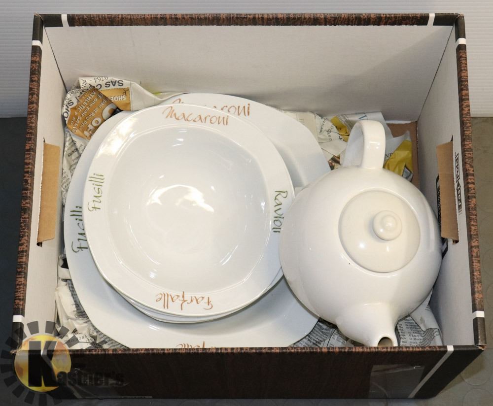 WHITE SERVINGS SETS, BOWLS AND VARIOUS TRAYS
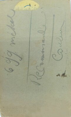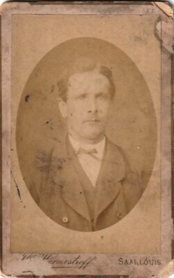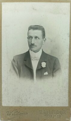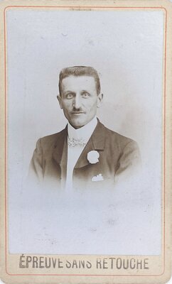 Dies ist ein seltener Fall, in dem unterschiedliche fotografische Ausführungen von Carte de Visite mit und ohne Retusche vorliegen. Auf der ersten der drei Fotografien ist der schnauzbärtige Mann im Dreiviertelprofil porträtiert. Er trägt einen dunklen Frack oder ein Jackett mit einer am Kragen befestigten weißen Rose und weißem Einstecktuch. Darunter ist ein weißes Hemd mit gestärktem hohen Kragen und einer gemusterten Fliege zu erahnen. Gerahmt wird das Porträt durch eine helle Vignette mit weichem Verlauf. Die Vignette, sowie die Kleidung des Mannes sind auf allen drei Ausführungen identisch und den Bildunterschriften nach im selben Fotoatelier, wohl auch am selben Tag gefertigt. So ändert sich auf der zweiten Fotografie lediglich die Pose des Mannes, der hier direkt in die Kamera blickt. Damit verglichen könnte die dritte Fotografie, welche den Mann in eben genau dieser in die Kamera blickenden Pose zeigt, wohl für Überraschung beim Betrachter sorgen. Hier liegt ein Beweis vor, dass auch lange vor der digitalen Fotografie Bildretuschen stattfanden. Die nicht retuschierte Version der Fotografie, welche Kunden eher selten zu Gesicht bekamen, zeigt den porträtierten Mann mittleren Alters mit deutlichen Nasolabialfalten und Krähenfüßen. Unter dieser Version ist in französischer Sprache vermerkt, dass dies ein unretuschierter Abzug sei. Die Kartonrückseiten sind (für Carte de Visite ungewöhnlicherweise) nicht bedruckt. Nur auf der Rückseite der retuschierten Version mit Blick in die Kamera ist auf französisch handschriftlich vermerkt, dass eine Colorierung empfohlen wird.
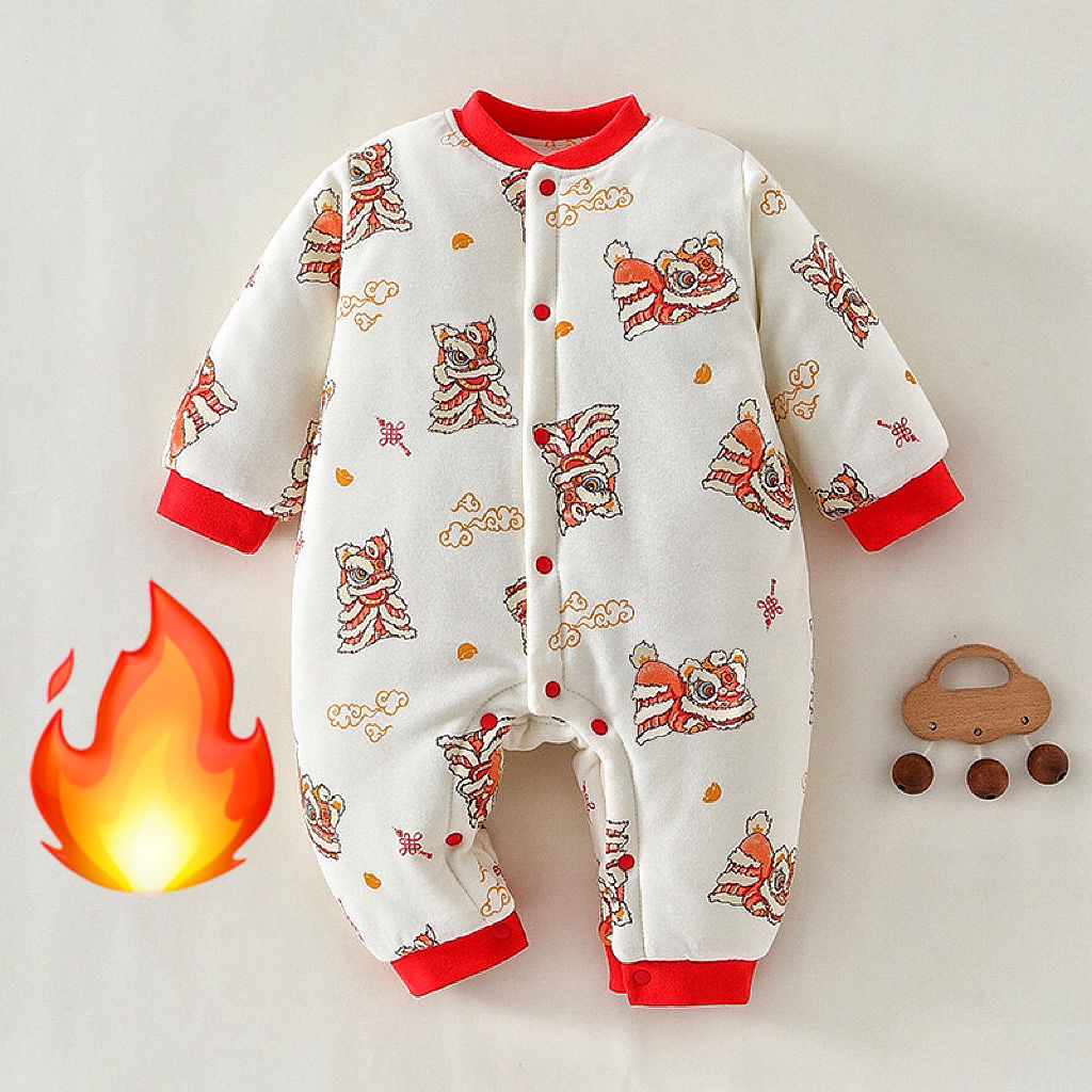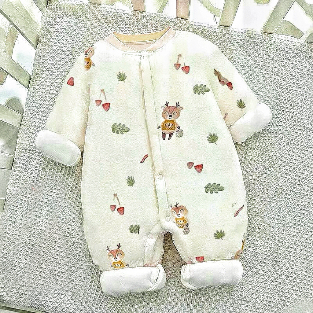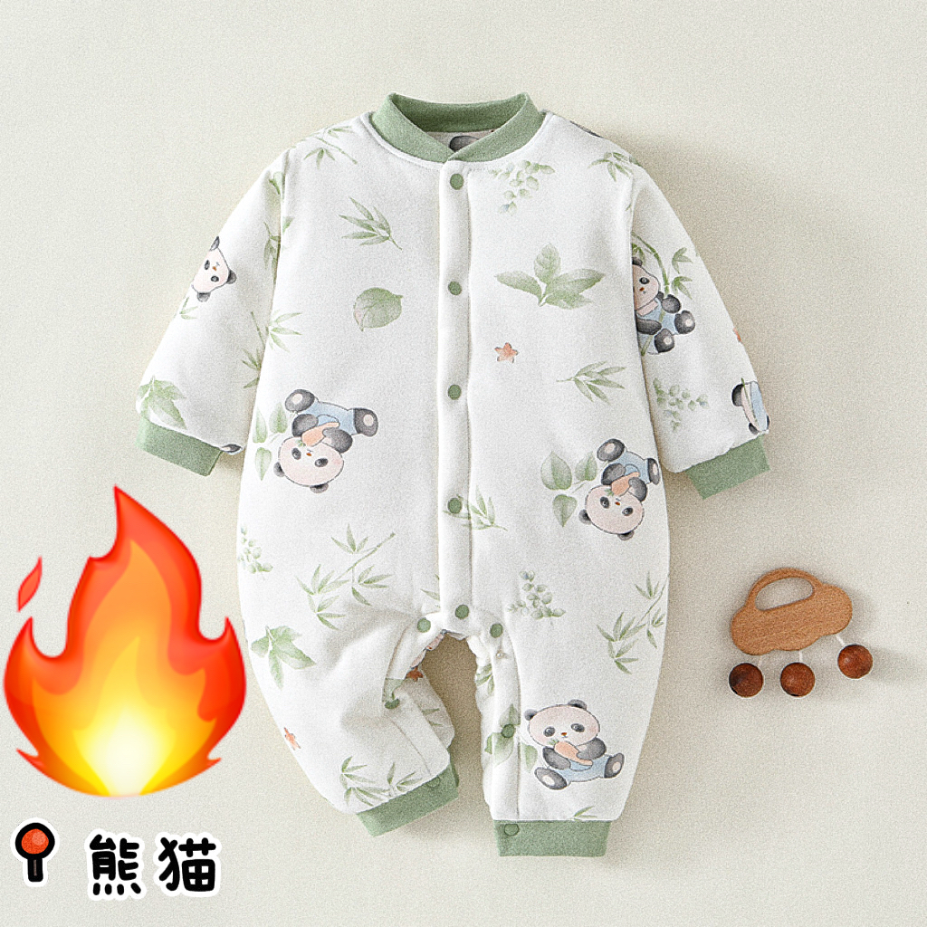 200g夹棉0-15度刚出生穿新生儿连体衣无骨夹棉婴儿服秋冬加厚保暖
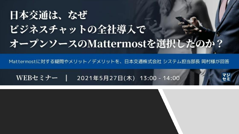 本セミナーでは、実際にMattermostの導入をご担当された、日本交通株式会社 システム担当部長 岡村様にご登壇頂き、以下のようなMattermostに対する疑問や、メリット/デメリットを率直にお答えいただきます。
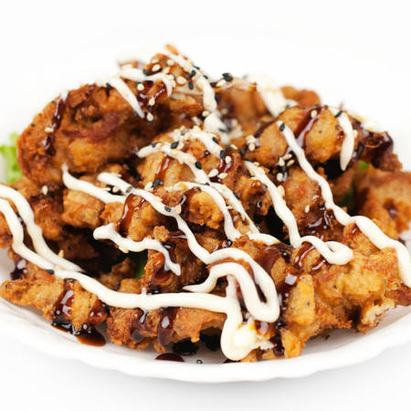 deep fried ball-shaped japanese snack flled with a piece of octopus, served with tonkatsu sauce and mayo
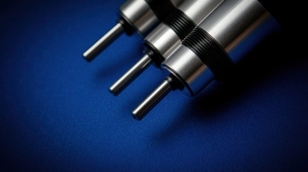 This image captures a close-up view of metallic tools featuring precision tips, set against a deep blue backdrop, ideal for industrial design.
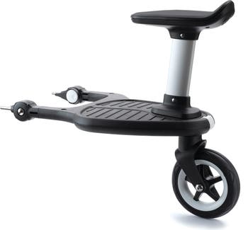 This wheeled board lets your toddler hop on and hop off anytime during your strolls as the board can attach to your stroller in just two clicks.The self-supporting click system features three positions: riding, half up or fully up. It also includes a detachable seat, so your child can comfortably sit or stand on the wheeled board as they travel, or simply use the white pull-out button above the wheel to click off the seat and store it in the under-seat basket of the stroller to save even more space. When not in use, fold it upright or easily remove and stow it away altogether.
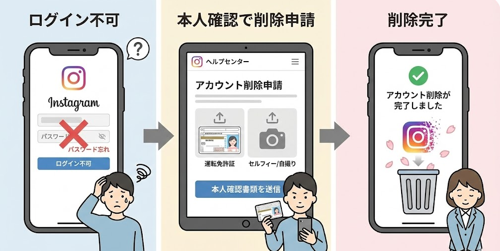 結論として、ログインできないInstagramアカウントを削除する現実的な方法は、Instagram側に「本人である証拠」を出して削除対応を依頼するルートです。パスワード再設定ができない、登録メールや電話番号が使えない場合でも、本人確認が通れば前に進められます。
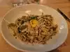 Loved the ambiance and the location. Parking instructions could be more clear. But we overall had a good dinner. Started with the polpette, then I had the tagliatelle, while my wife enjoyed her bucatini. The tagliatelle just seemed like it needed more flavor, but portion size was good enough. Drinks were good as well. Also, our server was sweet, but she could've checked on us slightly more frequently. But I'd come back. Menu is short, but executed well.
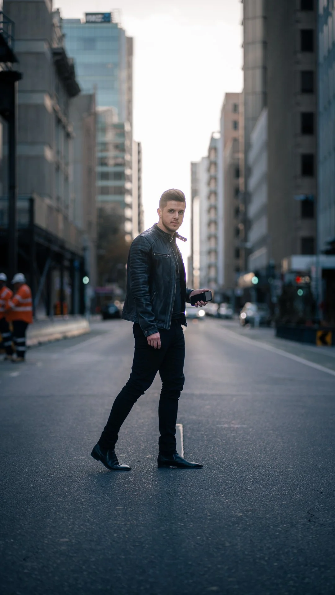 A man in a black leather jacket and black pants crossing a city street at dusk, holding a smartphone in his right hand, with tall buildings and construction workers in the background. View fullsize

▬▬▬▬▬▬▬▬▬▬

_Task requirements_: Leave out the images and copy every record above exactly.

_Answer for the task_:
 WHITE SERVINGS SETS, BOWLS AND VARIOUS TRAYS
 Dies ist ein seltener Fall, in dem unterschiedliche fotografische Ausführungen von Carte de Visite mit und ohne Retusche vorliegen. Auf der ersten der drei Fotografien ist der schnauzbärtige Mann im Dreiviertelprofil porträtiert. Er trägt einen dunklen Frack oder ein Jackett mit einer am Kragen befestigten weißen Rose und weißem Einstecktuch. Darunter ist ein weißes Hemd mit gestärktem hohen Kragen und einer gemusterten Fliege zu erahnen. Gerahmt wird das Porträt durch eine helle Vignette mit weichem Verlauf. Die Vignette, sowie die Kleidung des Mannes sind auf allen drei Ausführungen identisch und den Bildunterschriften nach im selben Fotoatelier, wohl auch am selben Tag gefertigt. So ändert sich auf der zweiten Fotografie lediglich die Pose des Mannes, der hier direkt in die Kamera blickt. Damit verglichen könnte die dritte Fotografie, welche den Mann in eben genau dieser in die Kamera blickenden Pose zeigt, wohl für Überraschung beim Betrachter sorgen. Hier liegt ein Beweis vor, dass auch lange vor der digitalen Fotografie Bildretuschen stattfanden. Die nicht retuschierte Version der Fotografie, welche Kunden eher selten zu Gesicht bekamen, zeigt den porträtierten Mann mittleren Alters mit deutlichen Nasolabialfalten und Krähenfüßen. Unter dieser Version ist in französischer Sprache vermerkt, dass dies ein unretuschierter Abzug sei. Die Kartonrückseiten sind (für Carte de Visite ungewöhnlicherweise) nicht bedruckt. Nur auf der Rückseite der retuschierten Version mit Blick in die Kamera ist auf französisch handschriftlich vermerkt, dass eine Colorierung empfohlen wird.
 200g夹棉0-15度刚出生穿新生儿连体衣无骨夹棉婴儿服秋冬加厚保暖
 本セミナーでは、実際にMattermostの導入をご担当された、日本交通株式会社 システム担当部長 岡村様にご登壇頂き、以下のようなMattermostに対する疑問や、メリット/デメリットを率直にお答えいただきます。
 deep fried ball-shaped japanese snack flled with a piece of octopus, served with tonkatsu sauce and mayo
 This image captures a close-up view of metallic tools featuring precision tips, set against a deep blue backdrop, ideal for industrial design.
 This wheeled board lets your toddler hop on and hop off anytime during your strolls as the board can attach to your stroller in just two clicks.The self-supporting click system features three positions: riding, half up or fully up. It also includes a detachable seat, so your child can comfortably sit or stand on the wheeled board as they travel, or simply use the white pull-out button above the wheel to click off the seat and store it in the under-seat basket of the stroller to save even more space. When not in use, fold it upright or easily remove and stow it away altogether.
 結論として、ログインできないInstagramアカウントを削除する現実的な方法は、Instagram側に「本人である証拠」を出して削除対応を依頼するルートです。パスワード再設定ができない、登録メールや電話番号が使えない場合でも、本人確認が通れば前に進められます。
 Loved the ambiance and the location. Parking instructions could be more clear. But we overall had a good dinner. Started with the polpette, then I had the tagliatelle, while my wife enjoyed her bucatini. The tagliatelle just seemed like it needed more flavor, but portion size was good enough. Drinks were good as well. Also, our server was sweet, but she could've checked on us slightly more frequently. But I'd come back. Menu is short, but executed well.
 A man in a black leather jacket and black pants crossing a city street at dusk, holding a smartphone in his right hand, with tall buildings and construction workers in the background. View fullsize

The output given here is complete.